Figure 5 depicts a comparison chart of the F values of the three algorithms. This chart demonstrates that the IGA method has the highest F value of the three algorithms, surpassing both the GA and MLP algorithms. The comparison results indicate that the IGA method is superior to the other two algorithms.

5. Conclusion

As a result of the advancement of society as a whole, a variety of industries are flourishing, and tourism is making tremendous progress. Compared to the past, a number of regions have made significant strides in the development of tourism, the scale of the industry has continued to expand, the structure of the industrial system has also been steadily improving, and the general population's standard of living has increased dramatically. Due to the increasing number of individuals who choose to pursue some form of spiritual fulfillment, travel has become an essential option for most people’s pastimes and relaxation activities. As science and technology continue to advance, the use of big data analysis, algorithms, and other forms of artificial intelligence to calculate and plan a personalized travel route strategy that is suitable for the people will become more convenient for modern tourism. This will reduce the amount of time and money that individuals spend traveling. The progression of events cannot be prevented. In this paper, based on an analysis of the existing problems in tourist route planning, we propose an IGA-based algorithm for optimal round-trip route planning in tourism. This algorithm takes the preferences of individual tourists into account and provides the optimal route options. The shortest path to the next scenic location and iteratively calculating the motivation output value for all interest-characteristic scenic locations based on multiple path interval iteration indicators. Finally, it identifies the optimal travel route that satisfies the psychological needs of tourists in order to maximize motivation and benefit satisfaction. The results of the experiments indicate that the algorithm is consistent with the tourism reality and possesses significant feasibility and practical relevance for intelligent tourism route planning. Both its ability to conduct a local search and the quality of the solutions it generates are improved by the algorithm.

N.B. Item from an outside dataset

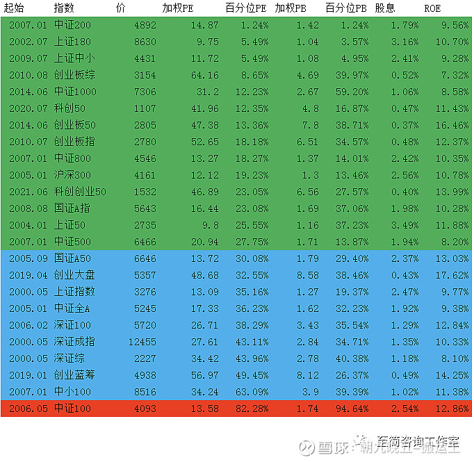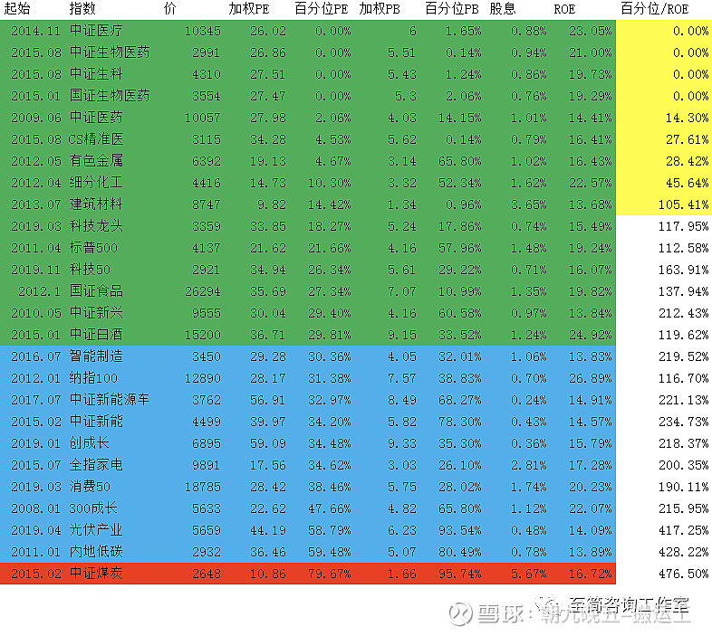 投资原则为绿色低估买入 蓝色适中持有 红色高估卖出

The GA itself is fraught with complications and restrictions. As the problem’s complexity increases, the acquired solution cannot be verified, and encoding and decoding operations are frequently problematic. It is highly reliant on the initial population's individual quality. Due to the probability of crossover and the probability of mutation, the algorithm is unable to control its ability to find the optimal solution. In order to maximize the benefits it provides, it must be developed for a variety of real-world application scenarios. This study demonstrates that the application of an improved evolutionary algorithm to the optimization of the ideal tourist route has a high application value, merits further development and promotion, and is applied to the problem of locating a solution for a complex route. The algorithm presented in this work contains additional flaws. This work, for instance, utilizes optimization for a single purpose. In reality, a tourist may have multiple tourism needs, all of which must be maximized simultaneously for the best experience possible. The next line of inquiry will concentrate on locating an efficient solution to the problem of multiobjective optimization in the context of tourism route advice.

Data Availability

The data used to support the findings of this study are available from the corresponding author upon request.

Conflicts of Interest

The author declares that there are no conflicts of interest.